** STUDY MATERIAL **
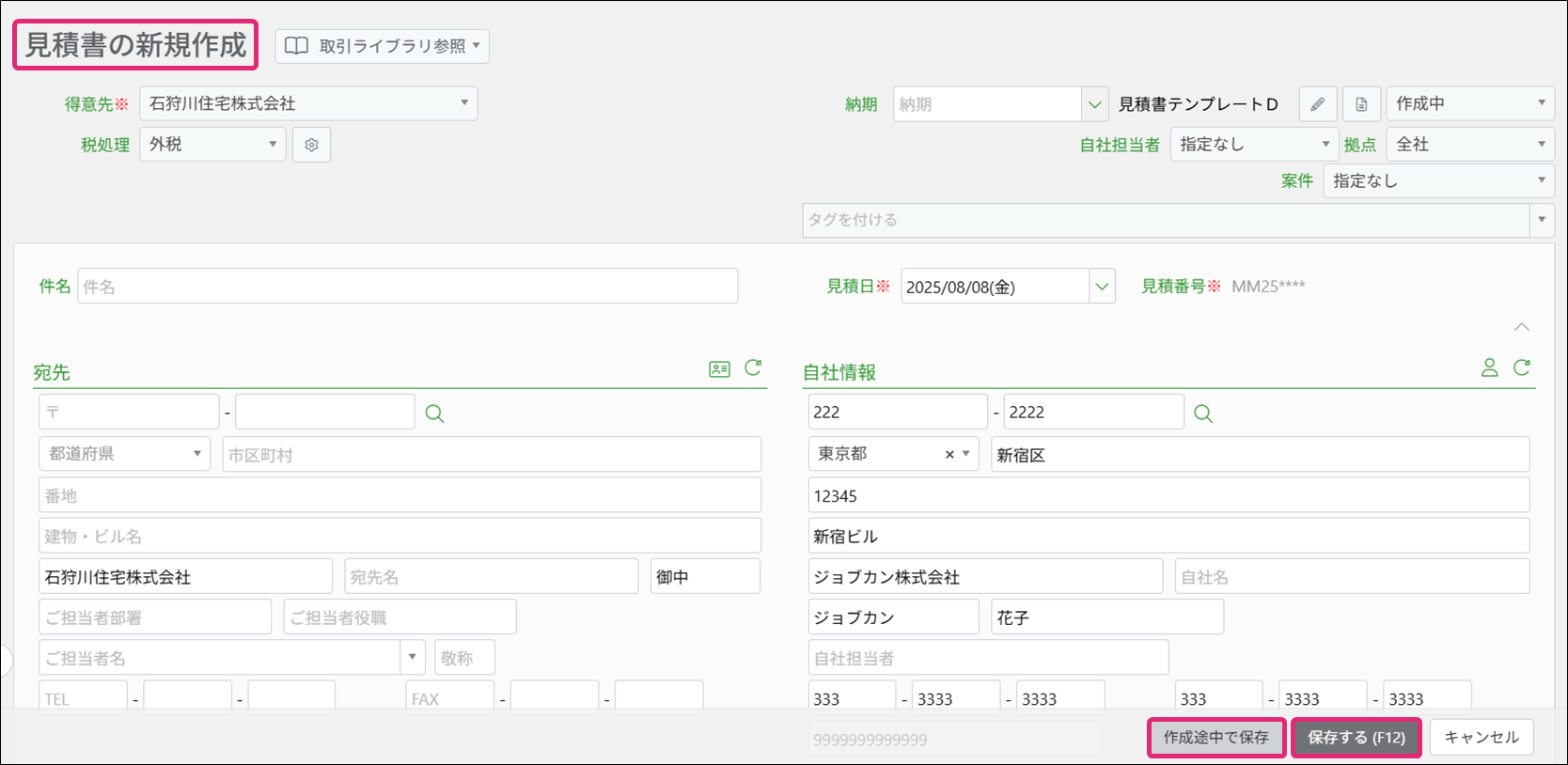[見積番号]は自動で入力され、「****」部分は保存時に数字に変換されます。一旦保存すると、編集画面で番号の変更ができます。
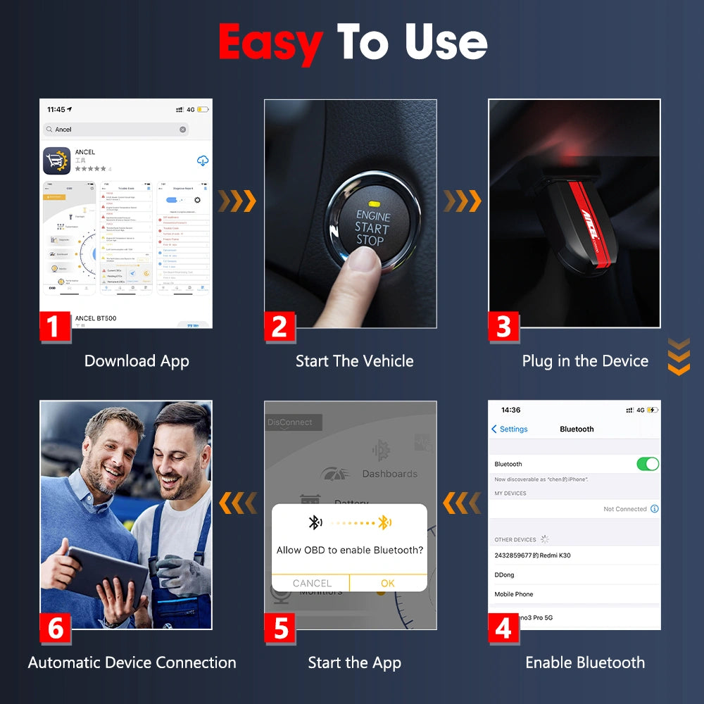 Easily connect the BD500 to your iOS or Android phone via Bluetooth. Simply download the “ANCEL” App and begin scanning your vehicle in seconds — no complex setup or extra tools needed.
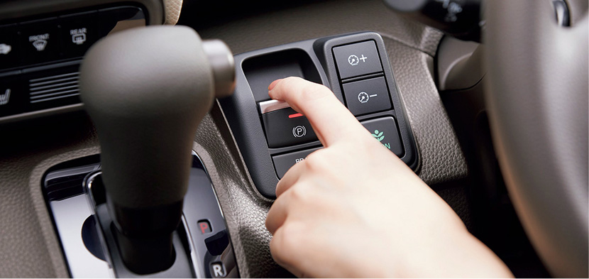 直近の一部改良でパーキングブレーキは足踏み式からスイッチ式に。
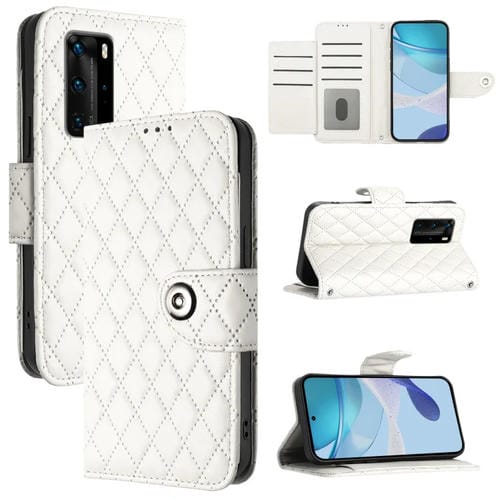- 1x Funda de Cuero para Huawei P40 Pro con Tapa Textura Rómbica y Cordón (Blanco)
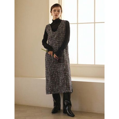 表情のあるミックスツイード生地を使用したジャンパースカート。前後に開いたVネックと、裾に向かってゆるやかに広がるシルエットが女性らしさを演出します。インナーにカットソーやブラウスを合わせたり、様々な着こなしが楽しめるアイテムです。

** WHAT YOU NEED TO DO **
Pictures stay out. Repeat only the lines from the beginning of the data through the line that has "- 1x Funda de".

** EXERCISE SOLUTION **
[見積番号]は自動で入力され、「****」部分は保存時に数字に変換されます。一旦保存すると、編集画面で番号の変更ができます。
 Easily connect the BD500 to your iOS or Android phone via Bluetooth. Simply download the “ANCEL” App and begin scanning your vehicle in seconds — no complex setup or extra tools needed.
 直近の一部改良でパーキングブレーキは足踏み式からスイッチ式に。
- 1x Funda de Cuero para Huawei P40 Pro con Tapa Textura Rómbica y Cordón (Blanco)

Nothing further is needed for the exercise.